Second, it also confirms that this company is recession resistant to a large extent, as its total annual revenue range over the past five years has been notably narrow, not experiencing any major or sudden drops during 2020.

All in all, these revenue figures indicate that this company runs a solid business in an essential industry and we obviously have no qualms with that.

When it comes to the company’s cash flow statement, positive net income generation has been far from a flaw for Verizon, as its net income during the same time frame (since 2018) has generally risen from around $16 billion in 2018, to $21.7 billion in 2022, which speaks again to the company’s fortitude during times of economic downturn and distress.

It is also worth briefly noting that the company’s total cash from operations has remained both positive and consistent as well.

Verizon’s stock fundamentals

Candidly, we were hoping that Verizon had a comparably higher trailing twelve month (TTM) net profit margin than that of the industry’s average.

Thankfully, we weren’t disappointed.

Specifically, according to TD Ameritrade’s platform, Verizon’s TTM net profit margin stands at 15.89% to the industry’s average of -2.15%, which to us, is impressive, but at the same rate, more reaffirming in a sense because a company with the clout and extensive global operations as Verizon should naturally post a comparably higher TTM net profit margin.

Nevertheless, this is a great sign.

In addition to the company’s strong TTM net profit margin, Verizon also outpaces the industry’s averages when it comes to its TTM returns on assets and investment which are both around 5% higher than the industry’s averages, given the figures we found on TD Ameritrade’s platform.

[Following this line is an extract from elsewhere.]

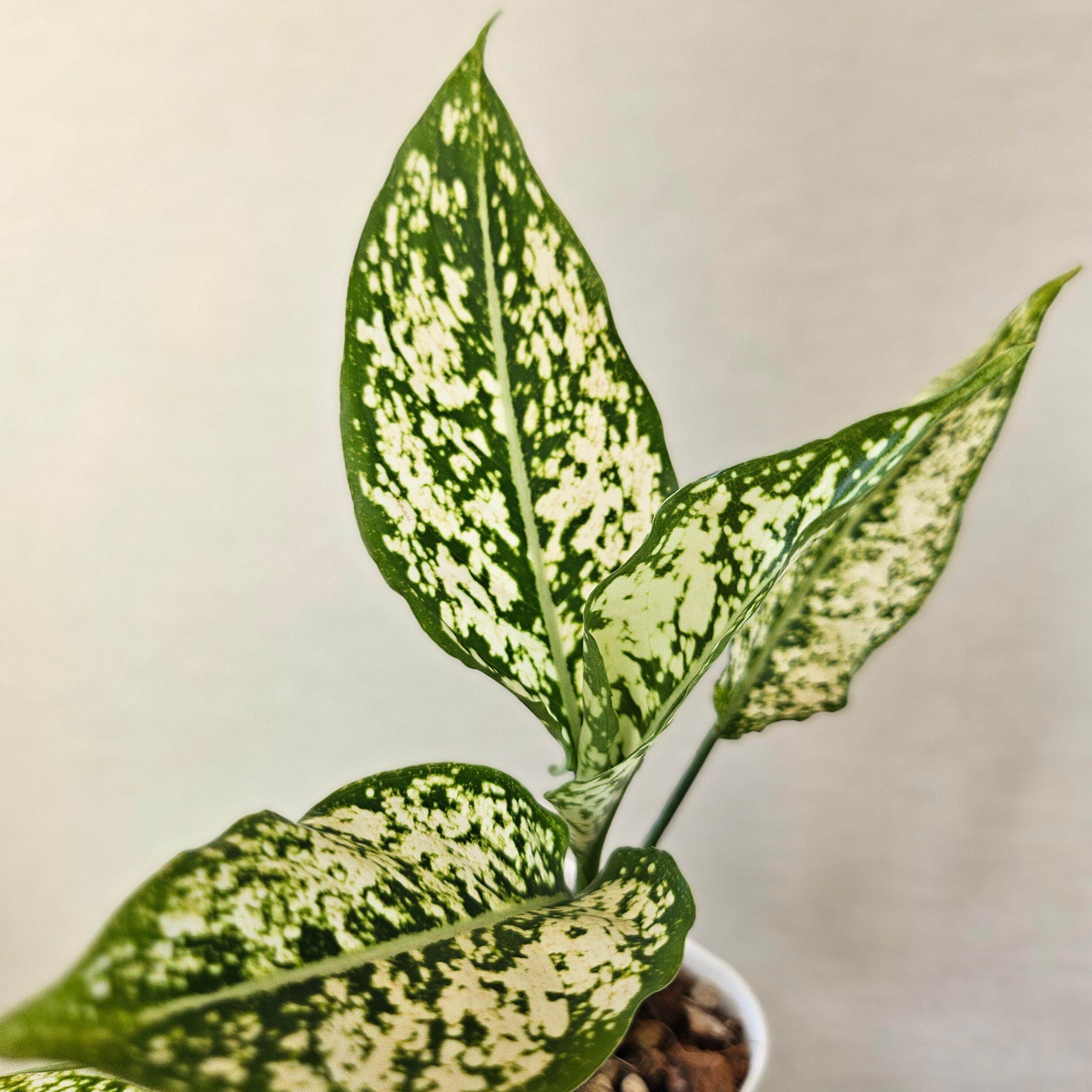 深い緑の葉に白い斑点模様が特徴的です。葉は細長く、光沢があり、上品で清涼感のある印象を与えます。斑の入り方がとても美しく、観葉植物コレクターにも人気があります。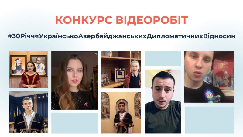 Наприкінці минулого року було оголошено всеукраїнський конкурс відеоробіт серед молоді, присвячений 30-річчю дипломатичних відносин між Україною та Азербайджаном, що відзначалося у 2022 році. Раді повідомити, що конкурс продовжується і у Вас є можливість отримати призи завдяки своїй креативності та цікавості до відносин України зі стратегічним партнером — Азербайджаном, який підтримує територіальну цілісність та суверенітет нашої держави і надає всебічну допомогу українцям.

Should you buy Verizon stock?

We see Verizon as a certain type of investor’s favorite stock.

For instance, we don’t think it would be reasonable to expect this company’s stock (NYSE: VZ) to double its revenue in the next year or two.

Nothing about this company screams growth.

However, investors employing a more passive, income-oriented strategy will likely love this stock as it provides a steady and strong annual dividend and is an absolute staple in the telecommunications industry, which isn’t going away anytime soon.

Given the predictability of this company’s business and its already more than solid financial base, we think it is most appropriate to give the company’s stock a “buy” rating.

DISCLAIMER: This analysis of the aforementioned stock security is in no way to be construed, understood, or seen as formal, professional, or any other form of investment advice. We are simply expressing our opinions regarding a publicly traded entity.